Шрифт:
Интервал:
Закладка:
Ганин яростно бросился на Блюмкина и заломил ему руку:
— Что сидите?! Сандро, Толя, помогите!
Девицы истерично закричали. Бениславская вцепилась в волосы Блюмкину. Кусиков бросился на помощь Ганину, выхватил у Блюмкина наган. Поясом от халата они связали ему руки за спину, и тот сразу скис.
— Пустите! Я пошутил, наган не заряжен… Развяжите! Ну, больно же руки! — почувствовав чужую силу, Блюмкин сразу протрезвел.
— Ладно, давай развяжу! — пожалел его Есенин.
Гости, спешно одеваясь, стали прощаться с женой Якова.
— Я не знаю, что это с ним? Простите, пожалуйста, нас, — извинялась Нора, вытирая платочком непрерывно текущие слезы. — Трезвый — милейший человек, а выпьет — сами видели.
Сандро, тайком передавая ей наган, прошептал:
— Спрячьте. И учтите, он заряжен! Просто была осечка, — и вышел, прихватив гитару и девиц.

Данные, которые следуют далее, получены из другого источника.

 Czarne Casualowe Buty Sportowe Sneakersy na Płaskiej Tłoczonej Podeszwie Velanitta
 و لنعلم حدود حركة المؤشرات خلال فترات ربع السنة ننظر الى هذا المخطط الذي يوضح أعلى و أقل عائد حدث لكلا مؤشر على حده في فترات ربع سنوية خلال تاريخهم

— Боже мой! — ужаснулась Нора. Оглянувшись на мужа, она быстро вышла в спальню, сунула наган в свою шкатулку. — Извините, пожалуйста, — жалко улыбнулась она, вернувшись к гостям. — Так хорошо было, и вот…
— Ничего-ничего! С кем не бывает! Переутомился… Все в порядке, — произнес, прощаясь, бодрым тоном Мариенгоф и исчез за дверью.

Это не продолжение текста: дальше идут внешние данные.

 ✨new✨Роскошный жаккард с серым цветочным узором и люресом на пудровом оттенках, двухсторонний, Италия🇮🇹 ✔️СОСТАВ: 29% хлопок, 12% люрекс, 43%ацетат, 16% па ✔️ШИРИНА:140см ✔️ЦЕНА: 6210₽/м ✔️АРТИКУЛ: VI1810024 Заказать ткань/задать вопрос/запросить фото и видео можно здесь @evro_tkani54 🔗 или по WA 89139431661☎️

Есенин подошел к Норе, поцеловал руку.
— Я заеду завтра. Нам ведь в Кремль с ним. Спасибо, Нора, до свидания. Галя, Катька, поехали!
Девушки, стоя уже в дверях с Наседкиным, вежливо попрощались с хозяйкой.
— До свидания! Спасибо! — Мандельштам поцеловал руку Норе и, не обращая внимания на Блюмкина, вышел следом.
Есенин, подождав, когда Ганин наденет пальто, подошел к Блюмкину.
— Дурак ты, Яша, и шутки у тебя дурацкие! Завтра стыдно тебе будет… по себе знаю. До завтра! Проспись! Пошли, Леша!
Когда они были уже в дверях, Блюмкин на прощанье крикнул:
— За мной должок, дорогие имажинисты! Долги я всегда плачу! Ганин, тебе первому! Будь спок!
Ганин вернулся и, наклонившись к нему, что-то с веселой усмешкой прошептал, а вслух добавил:
— Понял, морда пьяная! — и вышел вслед за Есениным, аккуратно притворив за собой дверь.
Нора, не желая оставаться вместе с мужем, ушла к себе в спальню.
Оставшись один, Блюмкин, пошатываясь, походил по комнате, поглядел на дверь, прислушался к удаляющимся шагам гостей. Потом достал из стола расстрельные листки и, обмакнув ручку в чернильницу, стал заполнять.
«В ГПУ. Ганин Алексей, 1893 года. Поэт. Большевистскую диктатуру воспринял как геноцид ко всем народам, кроме еврейского.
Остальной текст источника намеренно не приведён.